- [HOW TO COMPLETE THIS TASK]
Could you copy every record below exactly, leaving out the pictures?

- [Collection entries]
+ + + + +

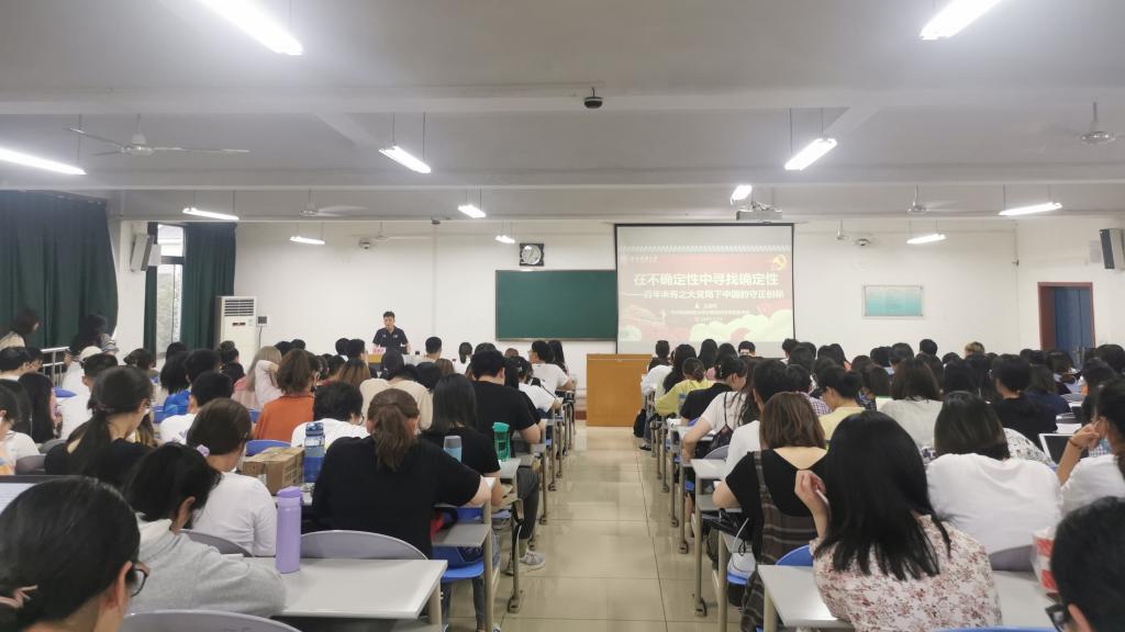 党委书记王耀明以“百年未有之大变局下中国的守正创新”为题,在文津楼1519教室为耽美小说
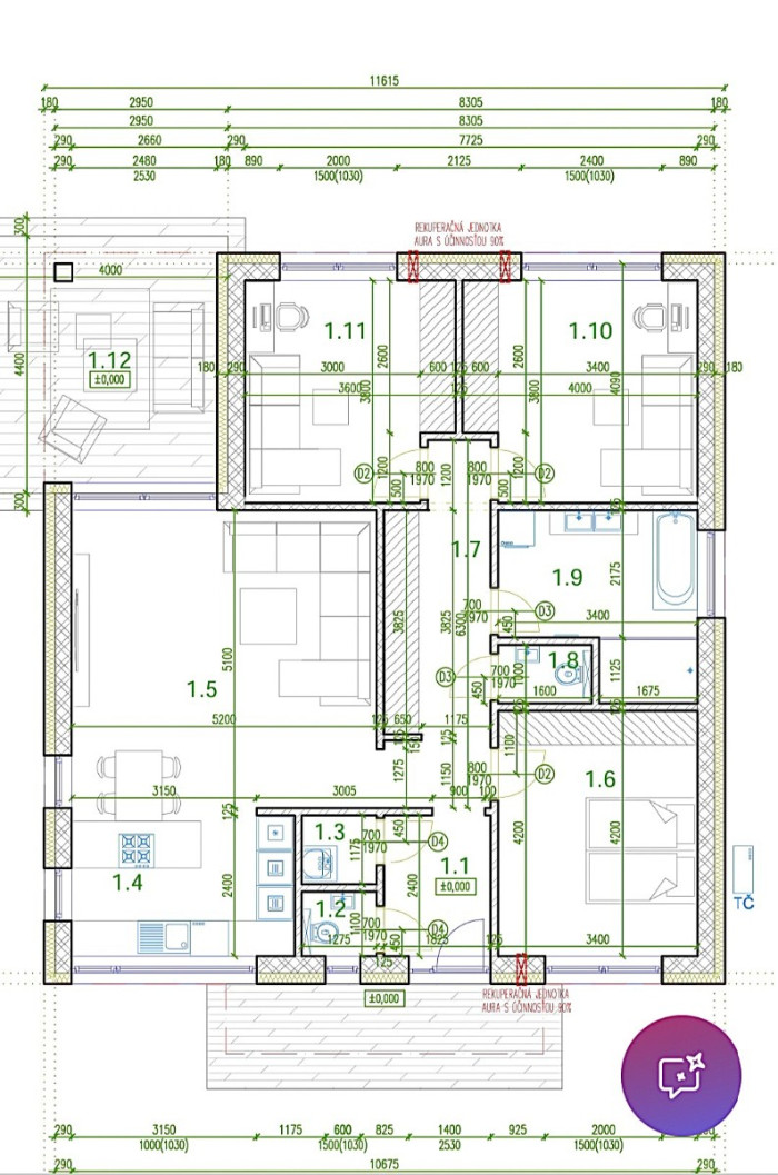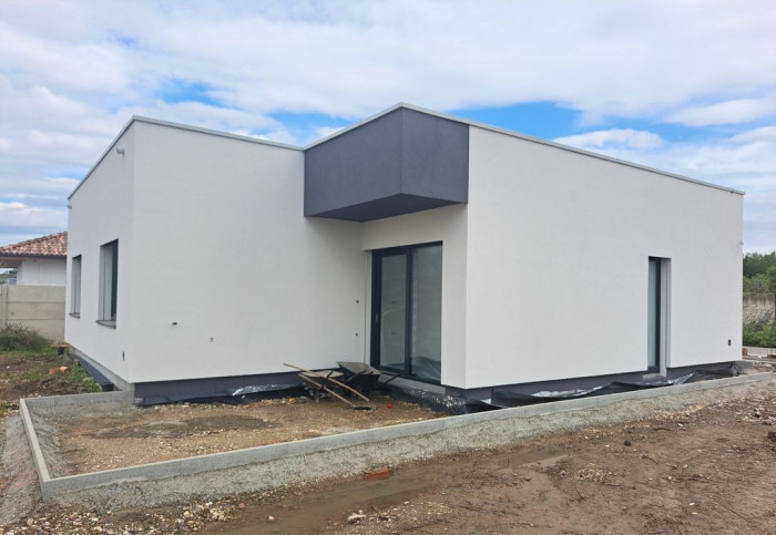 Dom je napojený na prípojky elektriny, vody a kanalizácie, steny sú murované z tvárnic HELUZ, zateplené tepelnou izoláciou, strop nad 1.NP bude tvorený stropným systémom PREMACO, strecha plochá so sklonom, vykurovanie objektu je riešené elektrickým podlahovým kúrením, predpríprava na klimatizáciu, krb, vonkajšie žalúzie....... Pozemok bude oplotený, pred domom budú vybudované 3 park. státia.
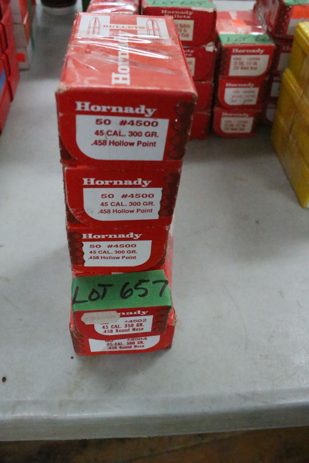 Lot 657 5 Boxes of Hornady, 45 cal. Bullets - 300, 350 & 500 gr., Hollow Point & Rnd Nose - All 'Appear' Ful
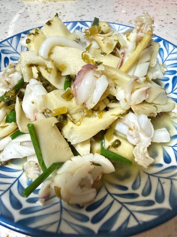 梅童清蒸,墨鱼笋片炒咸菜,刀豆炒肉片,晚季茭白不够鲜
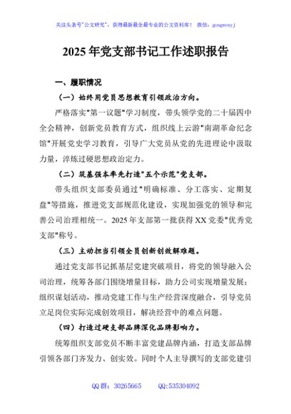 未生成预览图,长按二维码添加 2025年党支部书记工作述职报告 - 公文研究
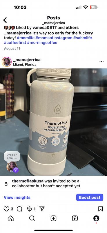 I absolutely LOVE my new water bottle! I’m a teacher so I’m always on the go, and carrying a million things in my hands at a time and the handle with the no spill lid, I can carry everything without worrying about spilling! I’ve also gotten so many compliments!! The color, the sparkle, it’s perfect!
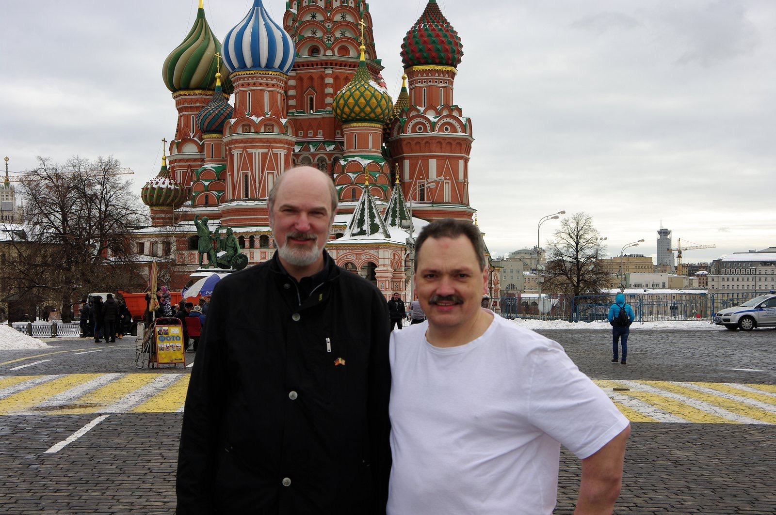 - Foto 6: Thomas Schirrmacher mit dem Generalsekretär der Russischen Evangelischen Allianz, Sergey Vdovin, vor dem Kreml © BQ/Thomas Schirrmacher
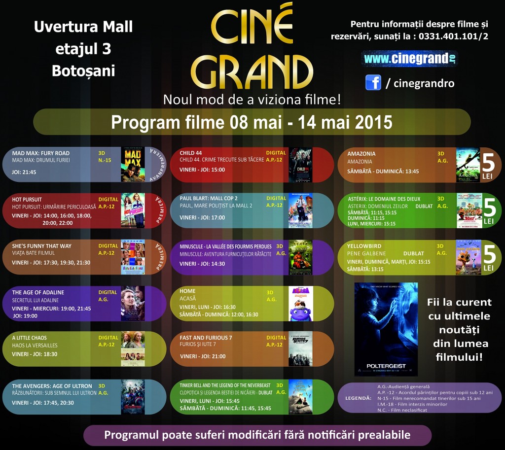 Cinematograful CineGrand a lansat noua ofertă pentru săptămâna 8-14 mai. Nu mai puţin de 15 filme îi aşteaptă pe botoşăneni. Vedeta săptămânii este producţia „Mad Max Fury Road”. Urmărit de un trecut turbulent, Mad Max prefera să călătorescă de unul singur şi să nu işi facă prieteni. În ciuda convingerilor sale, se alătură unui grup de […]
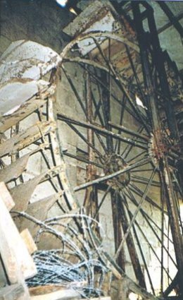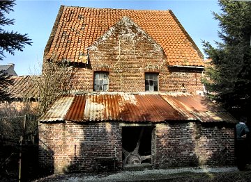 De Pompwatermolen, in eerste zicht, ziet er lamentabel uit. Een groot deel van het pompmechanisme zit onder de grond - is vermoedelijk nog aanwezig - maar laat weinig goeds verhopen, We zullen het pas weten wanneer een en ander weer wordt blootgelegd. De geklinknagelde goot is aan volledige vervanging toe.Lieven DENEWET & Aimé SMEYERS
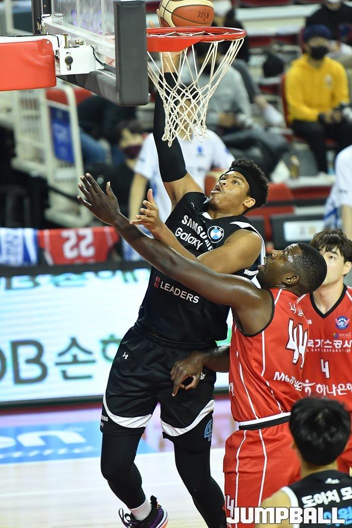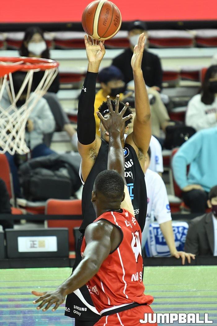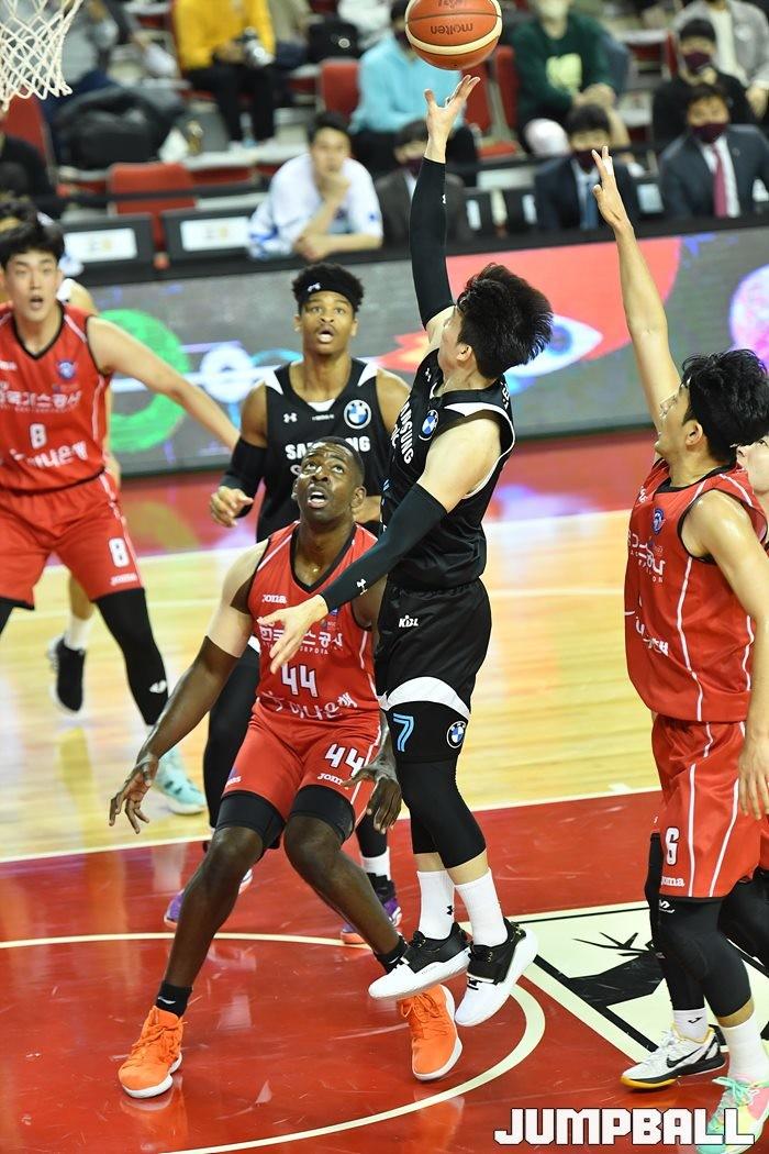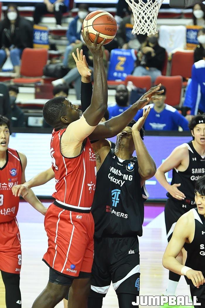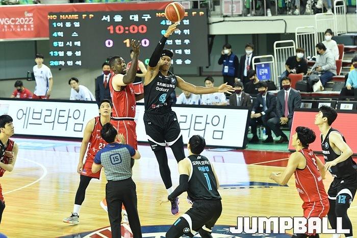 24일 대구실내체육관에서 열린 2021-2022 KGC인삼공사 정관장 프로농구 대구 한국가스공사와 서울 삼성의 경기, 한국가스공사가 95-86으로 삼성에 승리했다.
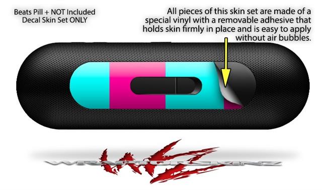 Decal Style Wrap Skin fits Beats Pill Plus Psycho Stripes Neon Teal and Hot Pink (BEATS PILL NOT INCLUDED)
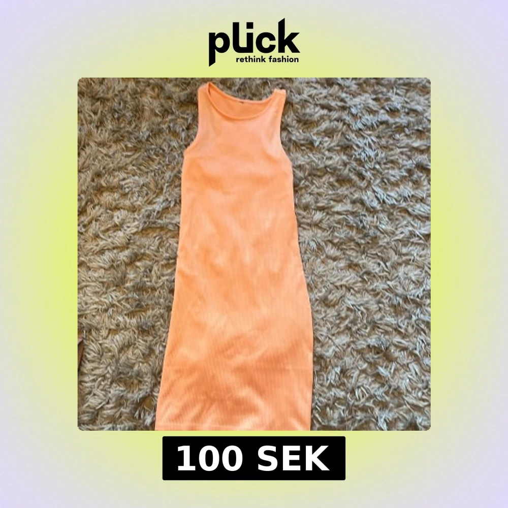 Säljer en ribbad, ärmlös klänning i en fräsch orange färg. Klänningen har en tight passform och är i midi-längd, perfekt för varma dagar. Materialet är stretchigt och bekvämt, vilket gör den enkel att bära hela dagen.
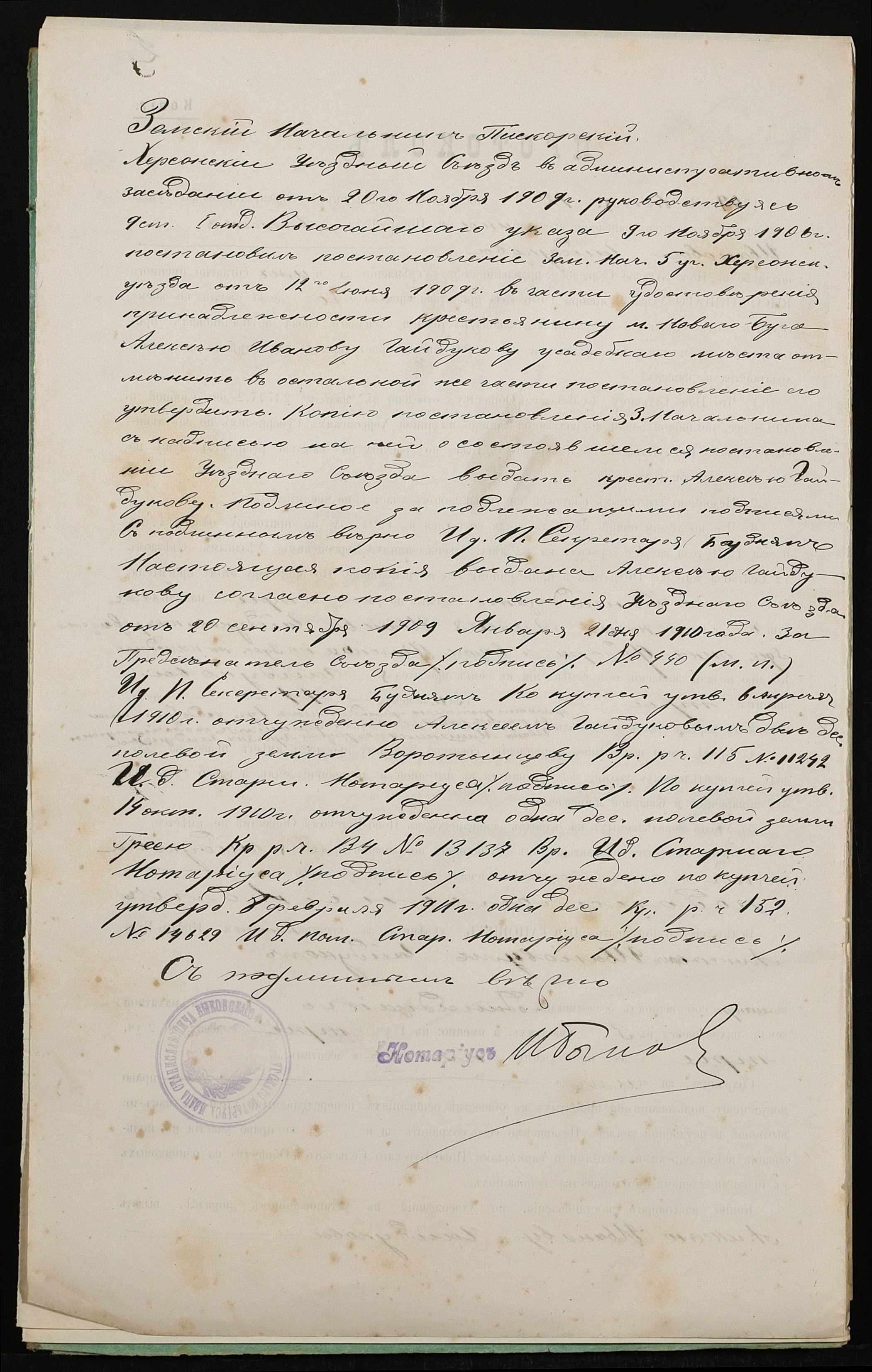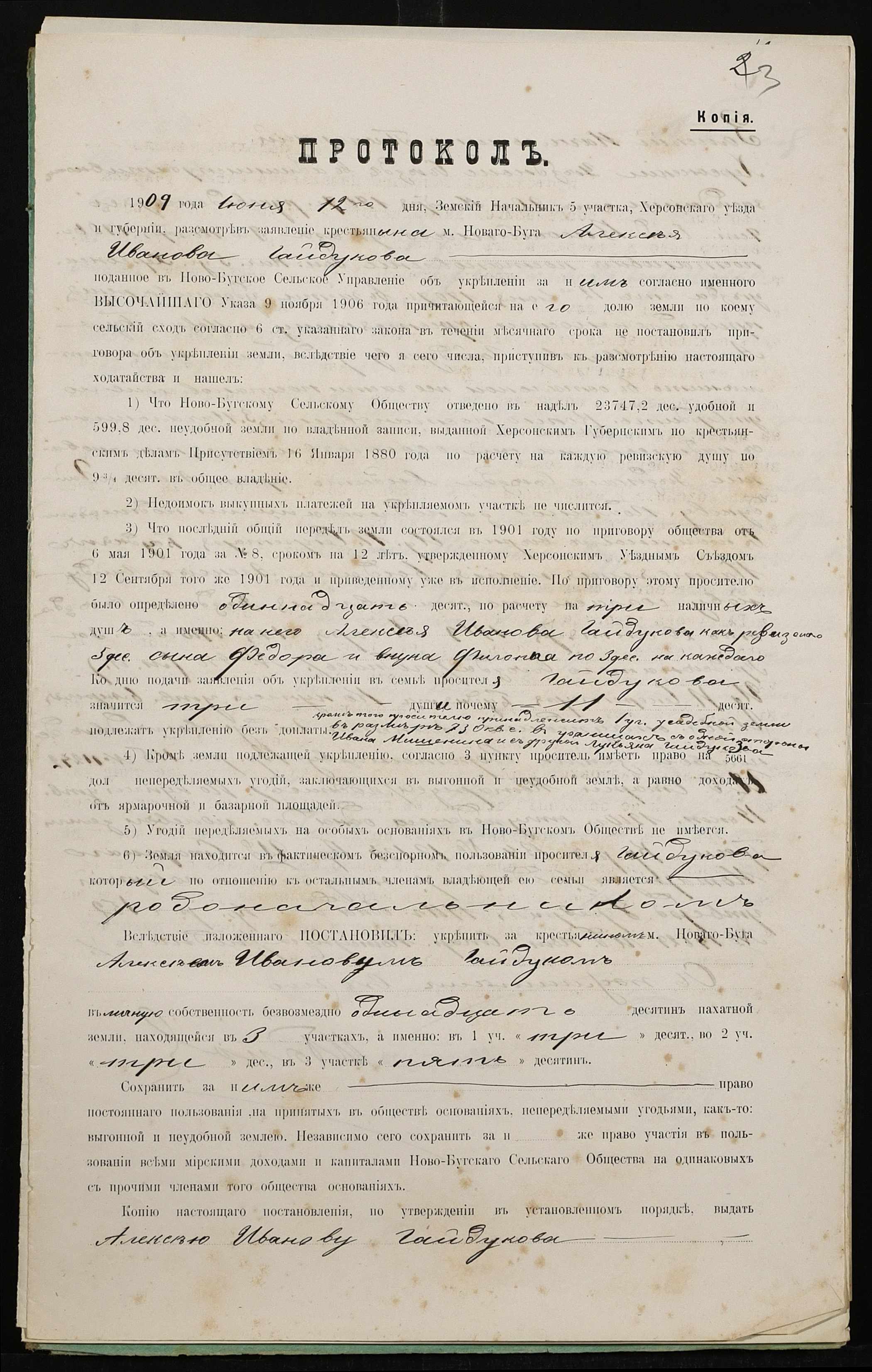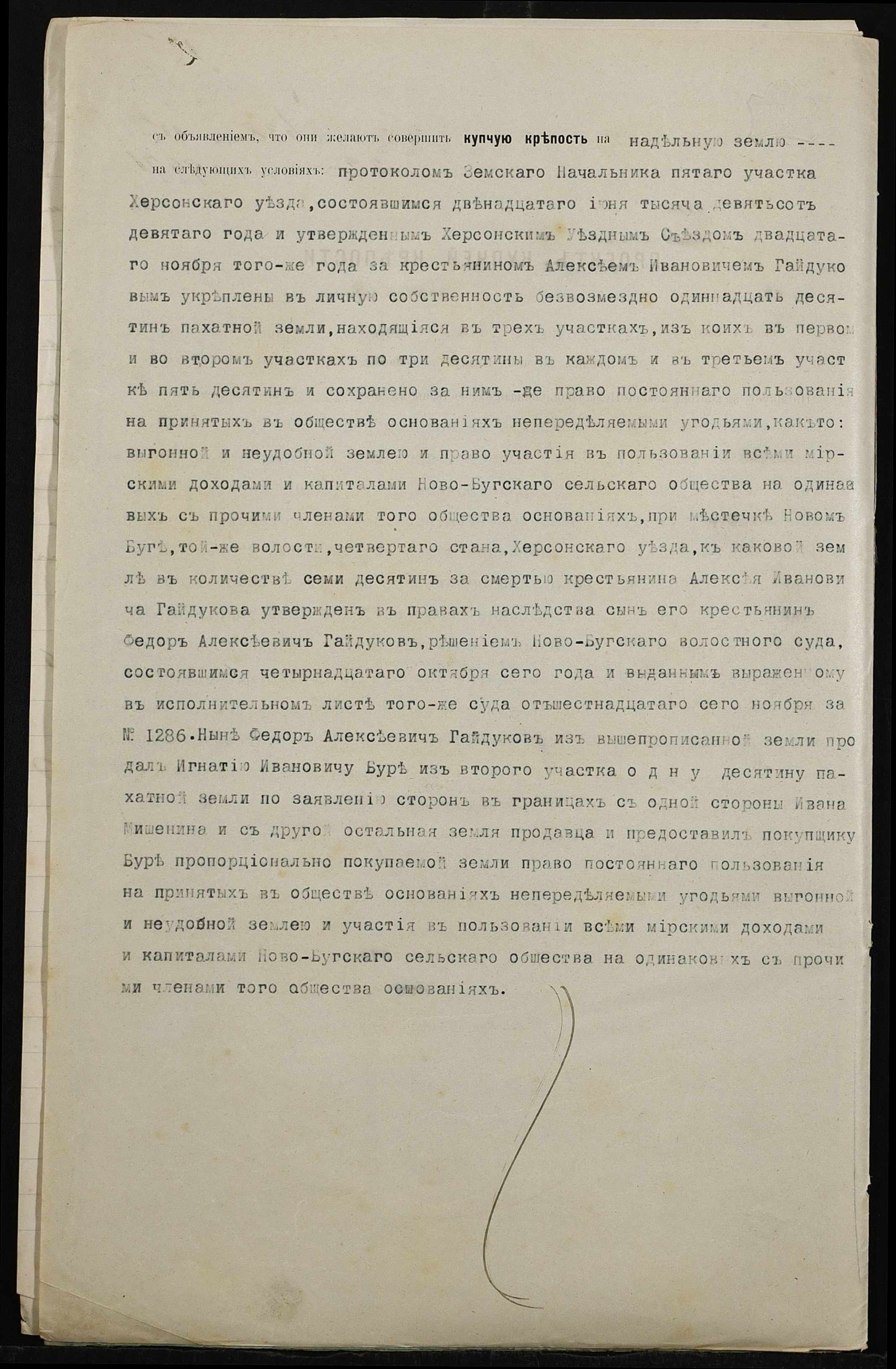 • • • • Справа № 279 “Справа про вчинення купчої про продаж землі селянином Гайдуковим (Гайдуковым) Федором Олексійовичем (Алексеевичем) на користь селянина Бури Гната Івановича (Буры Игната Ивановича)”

+ + + + +

- [OUTPUT FOR THIS EXERCISE]
 党委书记王耀明以“百年未有之大变局下中国的守正创新”为题,在文津楼1519教室为耽美小说
 Dom je napojený na prípojky elektriny, vody a kanalizácie, steny sú murované z tvárnic HELUZ, zateplené tepelnou izoláciou, strop nad 1.NP bude tvorený stropným systémom PREMACO, strecha plochá so sklonom, vykurovanie objektu je riešené elektrickým podlahovým kúrením, predpríprava na klimatizáciu, krb, vonkajšie žalúzie....... Pozemok bude oplotený, pred domom budú vybudované 3 park. státia.
 Lot 657 5 Boxes of Hornady, 45 cal. Bullets - 300, 350 & 500 gr., Hollow Point & Rnd Nose - All 'Appear' Ful
 梅童清蒸,墨鱼笋片炒咸菜,刀豆炒肉片,晚季茭白不够鲜
 未生成预览图,长按二维码添加 2025年党支部书记工作述职报告 - 公文研究
 I absolutely LOVE my new water bottle! I’m a teacher so I’m always on the go, and carrying a million things in my hands at a time and the handle with the no spill lid, I can carry everything without worrying about spilling! I’ve also gotten so many compliments!! The color, the sparkle, it’s perfect!
 - Foto 6: Thomas Schirrmacher mit dem Generalsekretär der Russischen Evangelischen Allianz, Sergey Vdovin, vor dem Kreml © BQ/Thomas Schirrmacher
 Cinematograful CineGrand a lansat noua ofertă pentru săptămâna 8-14 mai. Nu mai puţin de 15 filme îi aşteaptă pe botoşăneni. Vedeta săptămânii este producţia „Mad Max Fury Road”. Urmărit de un trecut turbulent, Mad Max prefera să călătorescă de unul singur şi să nu işi facă prieteni. În ciuda convingerilor sale, se alătură unui grup de […]
 De Pompwatermolen, in eerste zicht, ziet er lamentabel uit. Een groot deel van het pompmechanisme zit onder de grond - is vermoedelijk nog aanwezig - maar laat weinig goeds verhopen, We zullen het pas weten wanneer een en ander weer wordt blootgelegd. De geklinknagelde goot is aan volledige vervanging toe.Lieven DENEWET & Aimé SMEYERS
 24일 대구실내체육관에서 열린 2021-2022 KGC인삼공사 정관장 프로농구 대구 한국가스공사와 서울 삼성의 경기, 한국가스공사가 95-86으로 삼성에 승리했다.
 Decal Style Wrap Skin fits Beats Pill Plus Psycho Stripes Neon Teal and Hot Pink (BEATS PILL NOT INCLUDED)
 Säljer en ribbad, ärmlös klänning i en fräsch orange färg. Klänningen har en tight passform och är i midi-längd, perfekt för varma dagar. Materialet är stretchigt och bekvämt, vilket gör den enkel att bära hela dagen.
 • • • • Справа № 279 “Справа про вчинення купчої про продаж землі селянином Гайдуковим (Гайдуковым) Федором Олексійовичем (Алексеевичем) на користь селянина Бури Гната Івановича (Буры Игната Ивановича)”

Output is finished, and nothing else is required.